From: der Mouse  <mcgill-vision!uunet!Larry.McRCIM.McGill.EDU!mouse> [Message 1]
>I implemented something similar once.  What I did was to checkpoint a
>process into a file for later resumption, but the constraints were
>somewhat different.  In particular, the whole point was to be able to
>restore a simulatior run after a crash, which makes restoring open
>files and so on effectively impossible.  This is the difficult part of
>this: open files.  My "solution" was to force the program to close all
>files before checkpointing; this was feasible in our case.
>
>Have you considered forking and letting one process run on, with the
>"resumption" consisting of switching to the other process?  Depending
>on what you want, this might be good enough.
>
>Doing this would involve just adding two syscalls, one to dump a
>process and one to restore it.  Yes, it's possible.  I wouldn't attempt
>it without kernel source, but then I get very dogmatic about having
>source.  I'd be glad to send you the code I have for dumping and
>restoring later, in another process, though it won't be directly useful.
>
>					der Mouse
>
>			old: mcgill-vision!mouse
>			new: mouse@larry.mcrcim.mcgill.edu

[ I wrote the >> parts ]

From: der Mouse  <mcgill-vision!uunet!Larry.McRCIM.McGill.EDU!mouse>[Message 2]

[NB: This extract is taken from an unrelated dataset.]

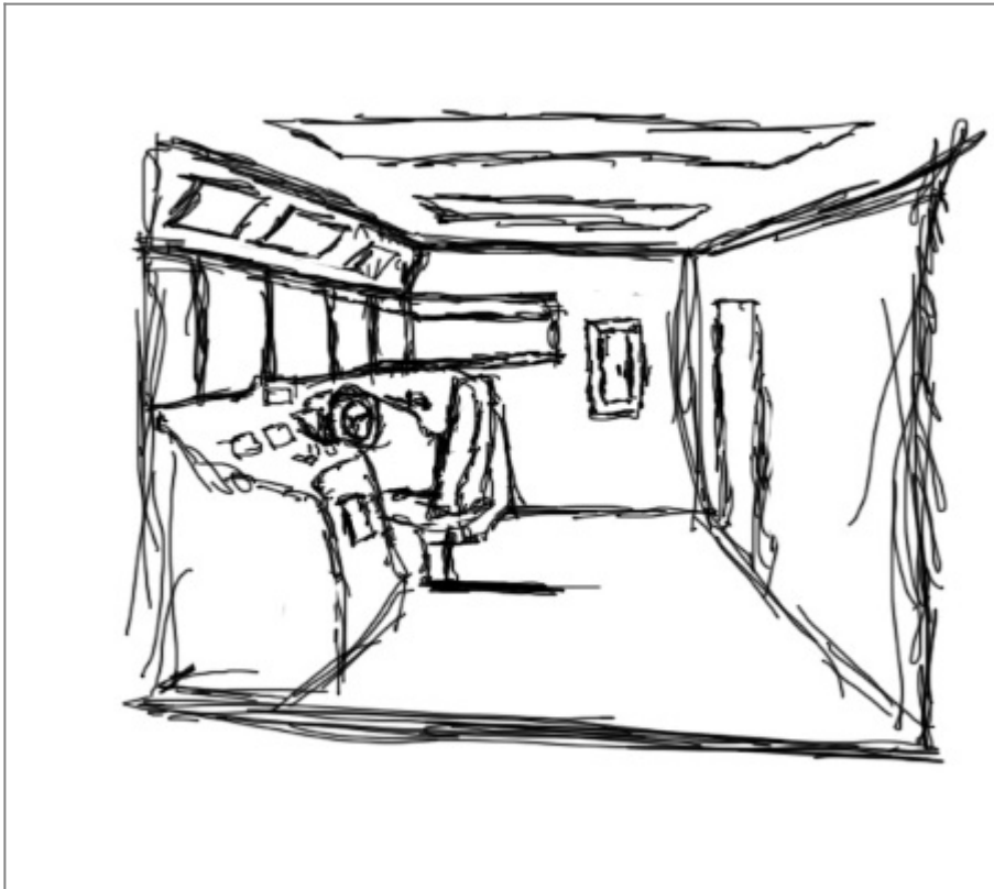
Conceptual Art Of The Standard Compartment

The spacious driving compartment is sectioned off from the rest of the Sandcrawler with a single door as the only entry or exit point unless it is an emergency in which case an emergency escape hatch is located on the ceiling with a ladder attached to climb out. The compartment itself is usually quite spartan, Ahmida typically leaving it up to the consumer to decorate or modify at their discretion. The sole item of the compartment they tend to expend effort on is the driver's seat. The seat itself is genuine Herditan Leather with arm rests. The material within the seat is typically a form of memory foam that conforms to the driver's body providing ample comfort during the long treks.

>> 1) If it is not too much trouble could you please send the code.  I
>>    have implemented two routines to save and restore a process and it
>>    does seem to work on small test programs and these program must
>>    not have open files.  I am currently working on the problem with
>>    open files.
>
>> 3) One of the limitations thrust upon me is NO KERNEL CHANGES
>
>I will be astonished if you get it to work with no kernel changes,
>unless you always use OMAGIC executables, and even then I would expect
>it to be quite a can of worms.
>
>My code consists of two syscalls, one to dump a process and the other
>to restore it.  The kernel code is in the following shar as snapshot.c;
>the only other tricky part is that the user-level code surrounding the
>snapshot syscall is special.  Everything but the stack pointer is saved
>on the stack to make life easier for the kernel.  This code follows
>after the shar.
>
>The kernel code here is for a mtXinu 4.3+NFS system; for real 4.3 all
>that needs changing is to scrap the silly vnode code and put back the
>real inode stuff.
>
[ Actual Code Delete ]
>
>Since you are forbidden kernel changes, this probably won't be much use
>to you.  If you'd like to talk about this some more, feel free to send
>me mail.
>
>der Mouse
>
>old: mcgill-vision!mouse
>new: mouse@larry.mcrcim.mcgill.edu
-- 
Robert Side <rside@uvunix.uvic.cdn>
UUCP:	...!{ubc-vision,uw-beaver,ssc-vax}!uvicctr!rside
BITNET:	rside@uvunix.bitnet